Several embassies are also in the vicinity of the attack. Indonesia's central bank, located in the same area, went ahead with a policy meeting as the violence unfolded, cutting its policy rate BIPG by 25 basis points to 7.25 percent.
Economists said Southeast Asia's biggest economy could be hurt by the violence.
Early in the attack, one explosion went off in front of the Sarinah shopping center. Media said a police post outside the mall was blown up.
A nearby U.N. building was in lock-down with no one allowed in or out, a witness said. Some other high-rise buildings in the area were evacuated.
Indonesia has the world's largest Muslim population, the vast majority of whom practise a moderate form of the religion.

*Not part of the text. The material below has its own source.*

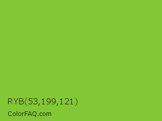 RYB 53,199,121 Color is a normal green color and the nearest color is Atlantis #97cd2d. Hex code #83c735 and RGB value is rgb(131,199,53). In RGB color space, this color is composed of 51% red, 78% green, 21% blue, In CMYK color space, this color is composed of 34% cyan, 0% magenta, 73% yellow , 22% black , In HSL color space, this color has a hue angle of 88° , 58% saturation and 49% lightness.

The country saw a spate of militant attacks in the 2000s, the deadliest of which was a nightclub bombing on the holiday island of Bali that killed 202 people, most of them tourists.
Police have been largely successful in destroying domestic militant cells since then, but officials have more recently been worrying about a resurgence inspired by groups such as Islamic State and Indonesians who return after fighting with the group.
Alarm around the world over the danger stemming from Islamic State rocketed after the Paris attacks in November and the killing of 14 people in California in December.
On Tuesday, a Syrian suicide bomber killed 10 German tourists in Istanbul. Authorities there suspect the bomber had links to Islamic State.
Among those arrested in Indonesia's crackdown late last year was a member of China's Uighur Muslim minority with a suicide-bomb vest. Media said two other Uighur suspects were on the run.
Indonesian security forces have also intensified a manhunt for a militant leader called Santoso, regarded as Indonesia's most high-profile backer of Islamic State, in the jungles of Sulawesi island.
Santoso had threatened to unleash attacks in Jakarta.